While only about 5 percent of all cases that come through the division make it to trial, all cases have to go through discovery. And it’s that process that has become “so humongous that it actually has taken the place of the trial itself in many cases,” Flanagan said.

“People want to leave no stone unturned,” she said. And while it is certainly important to allow reasonable time to conduct thorough discovery, Flanagan said it becomes “an occupationwide problem” if attorneys are allowed to persistently conduct discovery that may not be useful or admissible come trial time.

“Proportionality is a big, big concept,” she said. “The discovery you want has to be proportional to the kind of case it is and the expense of retrieving it. We’ve just been mired in this continuous slogging on through paper, paper, paper. It has to come to an end because otherwise, you can go into infinity never having a final resolution of a case until parties just exhaust themselves.”

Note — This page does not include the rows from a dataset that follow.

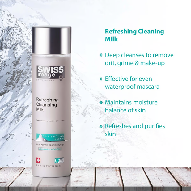 Swiss Image Refreshing Cleansing Milk – 200ml a milky, conditioning face cleanser that gently removes makeup and dirt.
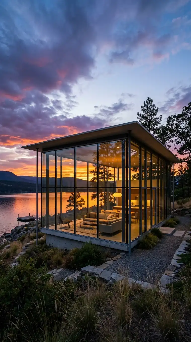 The glass box house is the purest expression of modernism. Walls disappear. Interior and exterior merge. Light fills every space. Structure is minimal — thin columns, steel beams, flush details. This design works only on private sites where neighbours cannot see in and the view is worth seeing.
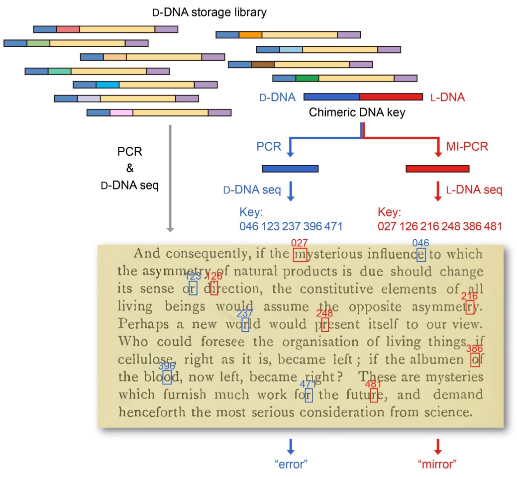 此外,研究者还进一步开发了基于镜像DNA的信息隐写技术:将加密信息的密钥写入镜像DNA并混入天然DNA文库,使用天然DNA扩增与测序技术仅能读取天然DNA中的错误密钥,导致解码错误信息;只有使用镜像DNA扩增与测序技术才能读取镜像DNA中的正确密钥并解码加密信息(图4)。基于镜像DNA的信息隐写技术可以有效提高DNA所携带信息的保密性,为镜像生物学系统在信息安全领域的应用提供了新的思路。

To alleviate those issues, she said, judges and lawyers should both remember the fundamental purpose for discovery.

“It is not supposed to be a game of hide and seek. It’s not supposed to be one-upmanship. It’s not supposed to be just total obstruction from one side to the other,” she said. “It’s supposed to be the parties are expected to work together to decide what is really necessary.”

While Jeanette Turner’s case has experienced several of these hindering factors throughout its life in the circuit court, Stephen Lane said he wouldn’t characterize any actions by either party as unreasonable.

But, considering what happened to Turner, he said there were likely some chances to move more quickly that no one identified as they set out to simply do their jobs.

“There were opportunities that I’m sure were in there that nobody thought about that could have resolved the case a little bit sooner, and a little bit sooner would have been enough,” he said. “I will go to my grave regretting that.”